Но к восьми, когда я заступил, поток женщин уже иссяк. Помощи не требовалось, и Грач пошел чесать Мандарину пятки, чтобы разрешил поспать. Я постоял на опустевшей тропе войны, решая, что буду делать, если на ней кто-нибудь появится.
Кричать не хотелось, но и не кричать тоже нельзя — Мандарин и Грач подумают, что я испугался, скажут, что роняю марку. Но, с другой стороны, если я начну кричать, едва ли они прибегут мне на помощь — Грач хоть сидя, но дремать будет, а Мандарину это орево тоже надоело. Получается, что, не желая осрамиться в их глазах, я окажусь без их поддержки. А если сделаю так, как им удобнее, то есть не закричу, то они меня дружно запрезирают. Ничего себе, коллизия! В стиле греческих трагедий — что бы ни сделал герой, он все равно обречен. Вот ведь какой грецкий орешек!
Но, наверное, и в греческие времена существовал такой расчудесный выход, как компромисс. Это когда не делаешь ни того, ни другого, а велишь закладывать колесницу. По-русски это звучит так: «Плохи твои дела, Иван-царевич! Садись на своего Серого Волка и катись к ядрене фене!».

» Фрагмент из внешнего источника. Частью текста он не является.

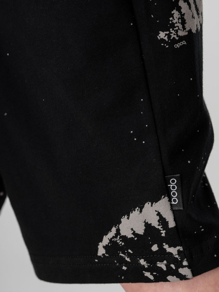 Материал кулирная гладь Состав 92% хлопок 8% лайкра Футболка для детей школьного возраста. Футболка свободного силуэта с втачным коротким рукавом. Горловина футболки округлой формы. Низ изделия прямой.Шорты прямые свободные на притачном поясе с внутренней резинкой. Шорты с боковыми карманами.
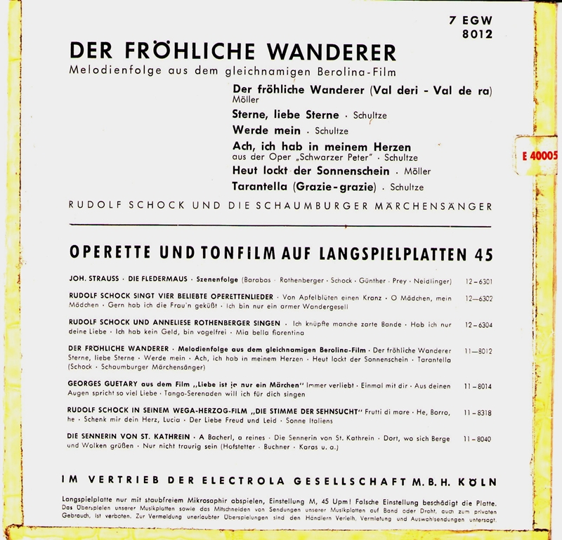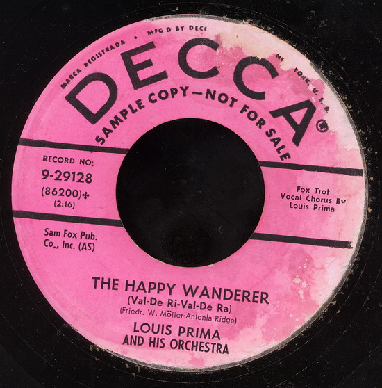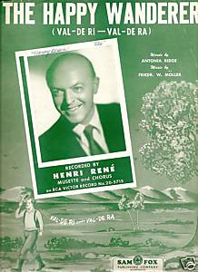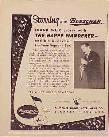 Besonders populär wurde er dann im selben Jahr auf der britischen Insel und in den Staaten mit seiner Version von “The Happy Wanderer (Val-De Ri-Val-De Ra)“, die sich durch seine Sopran-Saxophon-Soli auszeichnete. Das Original hieß “Der Fröhliche Wanderer“ oder “Mein Vater war ein Wandersmann“, eine Komposition von Friedrich-Wilhelm Möller aus der frühen Nachkriegszeit. Möller’s Schwester Edith war damals die Leiterin eines Laien-Kinderchores aus Obernkirchen/Landkreis Schaumburg, berühmt geworden als die Schaumburger Märchensänger. Dieser Chor aus Niedersachsen siegte 1953 bei einem Festival in Wales und wurde mit dem Zugabetitel “Der Fröhliche Wanderer“ gefeiert. Das BBC-Auslandsprogramm übertrug das Konzert und machte das Lied in der englischen Fassung “The Happy Wanderer“ sofort weltweit populär und der Chor schaffte am 23. Januar 1954 als Obernkirchen Children’ Choir den Einstieg in die UK-Chart, erreichte # 2 und hielt sich insgesamt 26 Wochen in der Hitparade. In einer besonderen Punktewertung belegte der Titel # 4 unter den besten 20 des Jahres 1954 und der Chor selbst # 6 unter den 10 besten Artisten. 1955 gipfelte der Erfolg des Titels “Der Fröhliche Wanderer“ in einem deutschen Spielfilm.
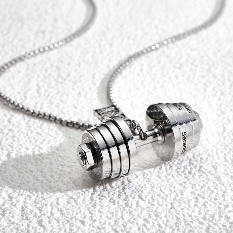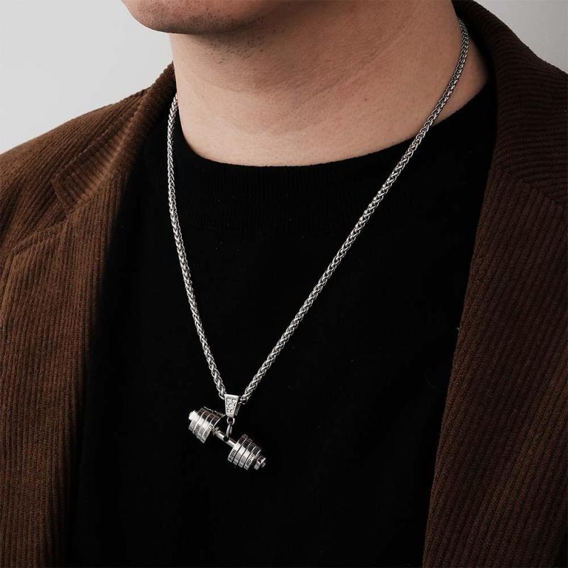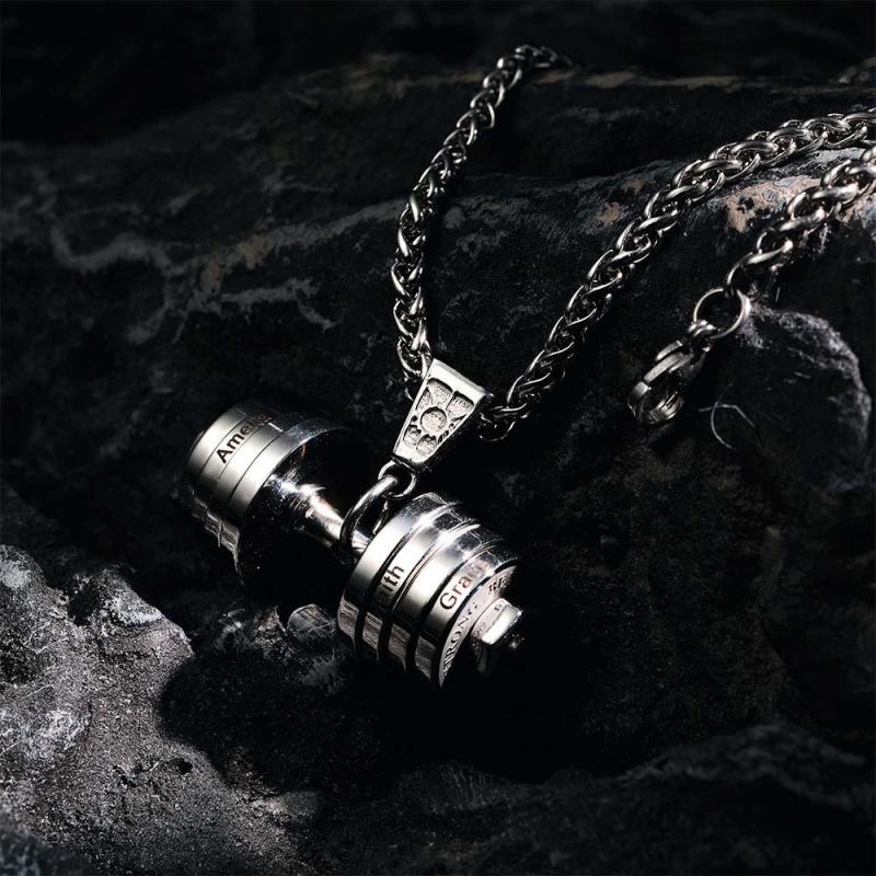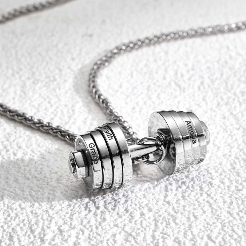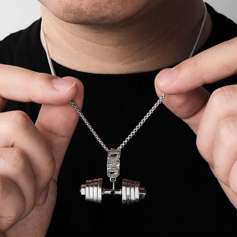 This necklace is specially designed for Father's Day. The theme highlights the dumbbell pendant. Simple text can be customized on the dumbbell piece, such as the father's name or blessings, to add personalization and commemorative meaning.

Рассуждая таким образом, я оставил эту тропу и решил отдать все свои силы охране пустых ящиков, которые сложены с другой стороны магазина.
Ящики явственно белели в наступавших сумерках. Они лежали тихие и спокойные, кричать на них не требовалось, и можно было присесть и закурить. Так как ужин уже кончился, барак стоял темный и никаких провокаций с этой стороны не ожидалось. Хотя, конечно, нельзя было забывать предостережений полковника Логинова, который вел у нас войну на первых двух курсах, о возможности нападения с внезападной стороны.

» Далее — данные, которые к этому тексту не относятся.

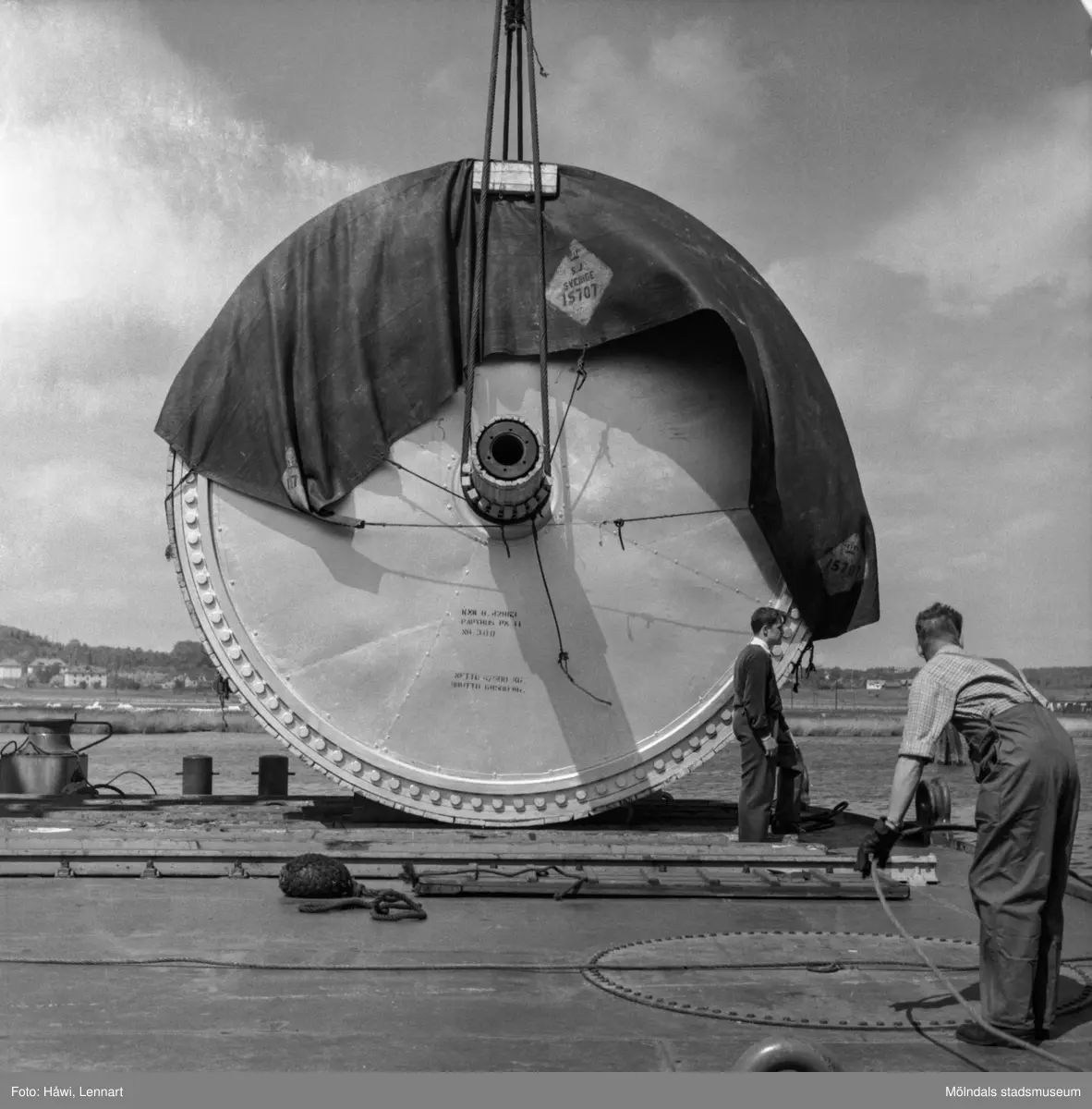 Titel: Transport av pappersbruket Papyrus PM2 yankeecylinder. Cylindern fraktas med flytande lyftkran i Göteborgs hamn, 2/6 1956.
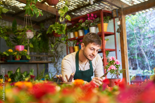 Junger Mann als Florist bei der Pflanzenpflege
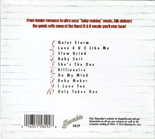 Silk: Quiet Storm versión en CD en estándar edición. Esta edición en concreto se lanzó en EE.UU. en la editorial Shanachie el día 29. abril 2016. Álbum abarca todos los géneros Funk / Soul y Contemporary R&B.
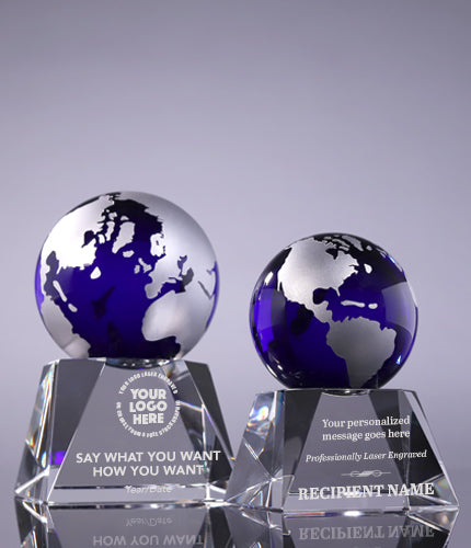 These beautiful Blue Crystal Globes on Crystal Pedestal Bases are out of this world. Globes are removable.
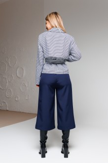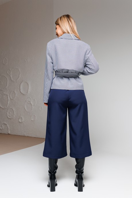 Жакет прямого силуэта,с воротником пиджачного типа.По переду и спинке отлетные кокетки.По переду в области талии декоративные клапаны.Жакет на подкладке с поясом.Застежка на пришивные кнопки.Брюки -Кюлоты прямого силуэта.По талии притачной пояс,частично на резинке для лучшего прилегания.По переду в боковых швах прорезные карманы с наклонным входом.По переду застежка на тесьму-молнию
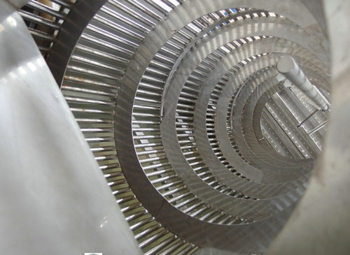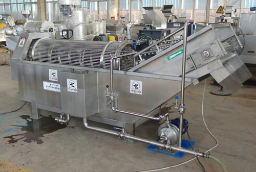 該清洗機采用逆流洗滌原理壓噴淋管,使物料在整個翻轉移動的過程中又受到高壓水的噴淋沖洗,清洗效果好,可有效除泥、除沙。清洗后的物料由清洗槽內的提升機提升到下道工序。,物料從進口流入清洗機滾筒內,隨著滾筒內壁的螺旋轉動至出口,而清洗槽內的水,在滾筒內螺旋的反作用下流向清洗機進口,與物料逆向運動,同時在滾筒內安裝有高
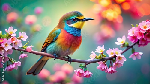 bird, tree branch, flower, fashion, photo, nature, floral, plumage, delicate, vibrant, colourful, spring, summer, aesthetic, detail, closeup, ornithology, wildlife, macro, beauty, elegant, stylish, art, still life, photorealistic, hi-res, digital artwork, creative, modern, contemporary, birding, garden, blossom, foliage, texture, symmetry, composition, photoediting, high-quality, professional, artistic

Так сидеть можно было долго, если бы не опасность уснуть. Прегрешение наверняка бы осталось без последствий, если не считать визгливого мандариновского мата — дежурный едва ли захочет проверить наш пост. Но важен был принцип, уже вошедший в сознание, — не выступать. Не тянись и не отставай — и тогда служба будет идти сама, и ее тяготы, показавшиеся сначала невыносимыми, станут вполне сносными правилами игры. Вот ведь голодали мы в первые дни, Трошкин с ввалившимися щеками торчал все личное время у продовольственной палатки в надежде перехватить пятерку или пряник в натуре. А сейчас научно обоснованные нормы нас уже вполне устраивают. Если мы пробудем здесь еще месяца два, то каждый наест себе будку, как у солдата срочной службы.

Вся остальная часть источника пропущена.